DATA FOR THIS EXERCISE Start Marker

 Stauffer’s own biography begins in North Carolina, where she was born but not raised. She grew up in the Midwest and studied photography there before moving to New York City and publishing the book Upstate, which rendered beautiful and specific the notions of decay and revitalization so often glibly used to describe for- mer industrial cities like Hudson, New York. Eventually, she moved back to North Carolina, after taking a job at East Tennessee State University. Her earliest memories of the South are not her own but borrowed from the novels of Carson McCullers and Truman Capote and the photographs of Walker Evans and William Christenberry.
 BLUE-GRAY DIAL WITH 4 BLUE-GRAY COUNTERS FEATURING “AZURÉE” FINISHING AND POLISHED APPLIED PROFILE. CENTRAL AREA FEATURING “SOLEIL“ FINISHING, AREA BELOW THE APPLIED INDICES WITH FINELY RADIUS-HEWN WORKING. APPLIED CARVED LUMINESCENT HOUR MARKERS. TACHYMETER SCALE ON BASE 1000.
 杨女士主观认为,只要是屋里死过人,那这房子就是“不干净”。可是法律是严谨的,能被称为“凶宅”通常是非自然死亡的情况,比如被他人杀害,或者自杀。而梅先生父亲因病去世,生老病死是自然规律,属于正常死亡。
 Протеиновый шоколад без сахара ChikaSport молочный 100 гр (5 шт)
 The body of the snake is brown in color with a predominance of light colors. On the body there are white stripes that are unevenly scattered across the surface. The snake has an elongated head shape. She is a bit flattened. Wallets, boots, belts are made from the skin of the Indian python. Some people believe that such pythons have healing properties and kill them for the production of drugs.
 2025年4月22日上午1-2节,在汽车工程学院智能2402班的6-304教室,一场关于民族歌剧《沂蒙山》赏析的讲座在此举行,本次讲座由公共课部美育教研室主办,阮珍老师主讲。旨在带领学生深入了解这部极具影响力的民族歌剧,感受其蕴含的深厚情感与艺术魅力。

DATA FOR THIS EXERCISE End Marker
DATA FOR THIS EXERCISE Start Marker

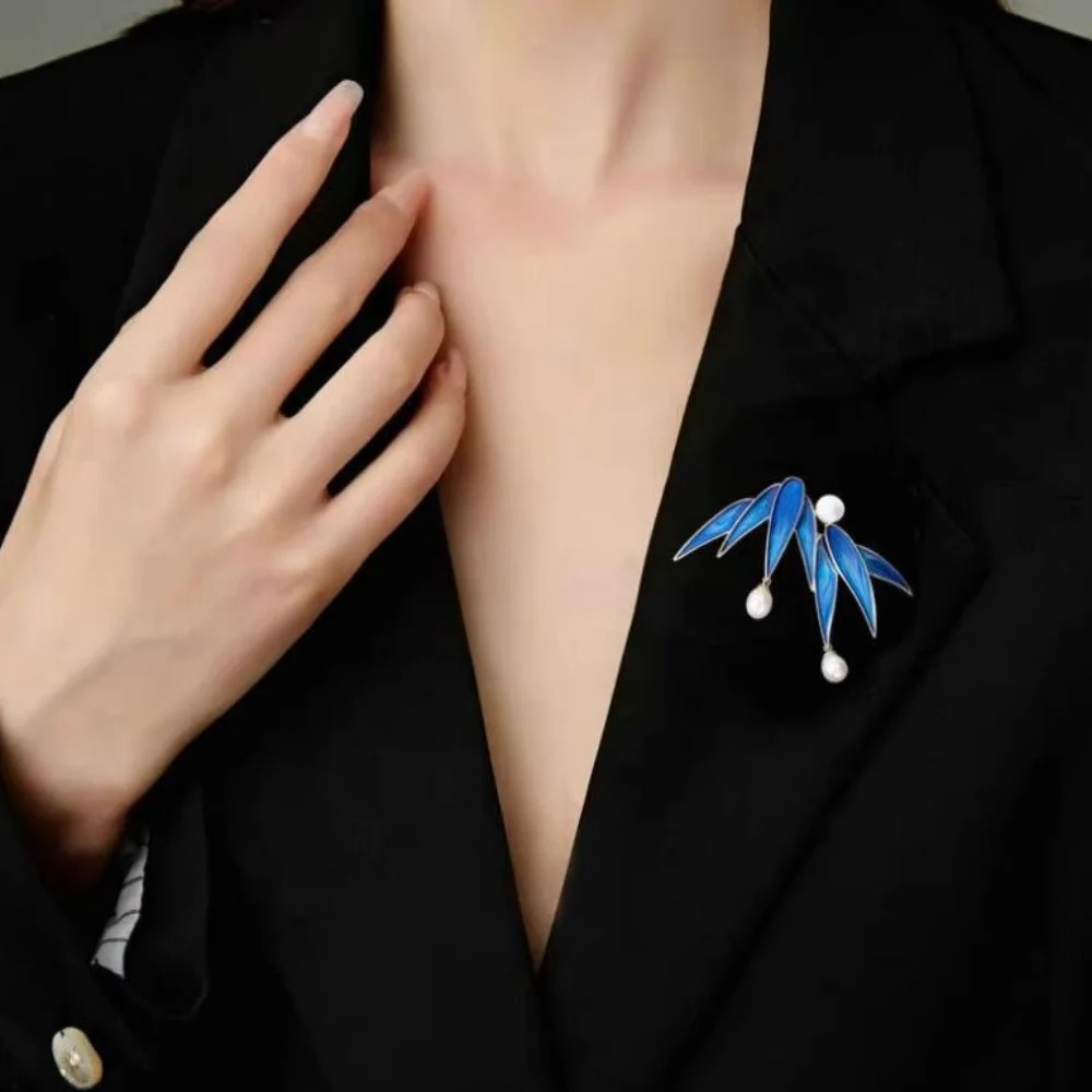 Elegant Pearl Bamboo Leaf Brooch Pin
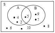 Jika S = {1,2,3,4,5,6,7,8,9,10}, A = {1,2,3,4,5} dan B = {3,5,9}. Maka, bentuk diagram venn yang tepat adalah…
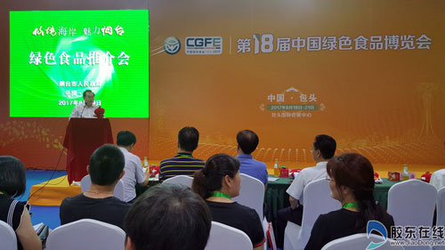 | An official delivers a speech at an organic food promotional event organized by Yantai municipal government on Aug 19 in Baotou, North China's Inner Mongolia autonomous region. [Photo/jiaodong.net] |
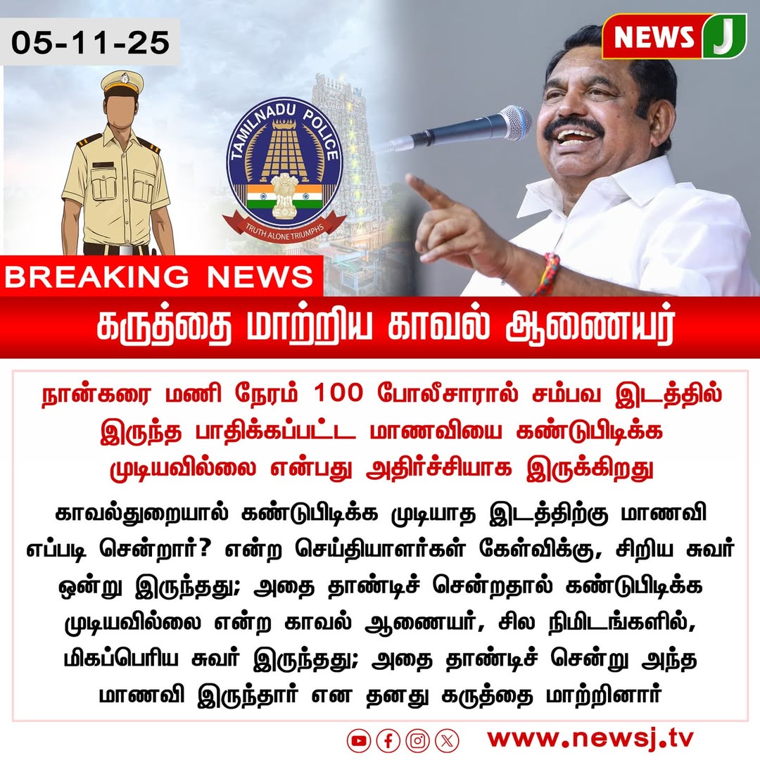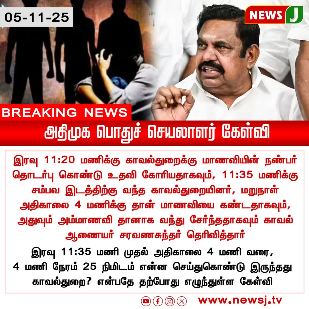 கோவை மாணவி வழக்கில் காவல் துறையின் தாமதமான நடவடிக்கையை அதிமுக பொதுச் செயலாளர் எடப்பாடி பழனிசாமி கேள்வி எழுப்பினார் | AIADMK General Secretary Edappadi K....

DATA FOR THIS EXERCISE End Marker

What are the lines, exactly as written above, from the line with "Stauffer’s own biography" to the line with "2025年4月22日上午1-2节,在汽车", both included? Output only those.

RESULT BELOW:
 Stauffer’s own biography begins in North Carolina, where she was born but not raised. She grew up in the Midwest and studied photography there before moving to New York City and publishing the book Upstate, which rendered beautiful and specific the notions of decay and revitalization so often glibly used to describe for- mer industrial cities like Hudson, New York. Eventually, she moved back to North Carolina, after taking a job at East Tennessee State University. Her earliest memories of the South are not her own but borrowed from the novels of Carson McCullers and Truman Capote and the photographs of Walker Evans and William Christenberry.
 BLUE-GRAY DIAL WITH 4 BLUE-GRAY COUNTERS FEATURING “AZURÉE” FINISHING AND POLISHED APPLIED PROFILE. CENTRAL AREA FEATURING “SOLEIL“ FINISHING, AREA BELOW THE APPLIED INDICES WITH FINELY RADIUS-HEWN WORKING. APPLIED CARVED LUMINESCENT HOUR MARKERS. TACHYMETER SCALE ON BASE 1000.
 杨女士主观认为,只要是屋里死过人,那这房子就是“不干净”。可是法律是严谨的,能被称为“凶宅”通常是非自然死亡的情况,比如被他人杀害,或者自杀。而梅先生父亲因病去世,生老病死是自然规律,属于正常死亡。
 Протеиновый шоколад без сахара ChikaSport молочный 100 гр (5 шт)
 The body of the snake is brown in color with a predominance of light colors. On the body there are white stripes that are unevenly scattered across the surface. The snake has an elongated head shape. She is a bit flattened. Wallets, boots, belts are made from the skin of the Indian python. Some people believe that such pythons have healing properties and kill them for the production of drugs.
 2025年4月22日上午1-2节,在汽车工程学院智能2402班的6-304教室,一场关于民族歌剧《沂蒙山》赏析的讲座在此举行,本次讲座由公共课部美育教研室主办,阮珍老师主讲。旨在带领学生深入了解这部极具影响力的民族歌剧,感受其蕴含的深厚情感与艺术魅力。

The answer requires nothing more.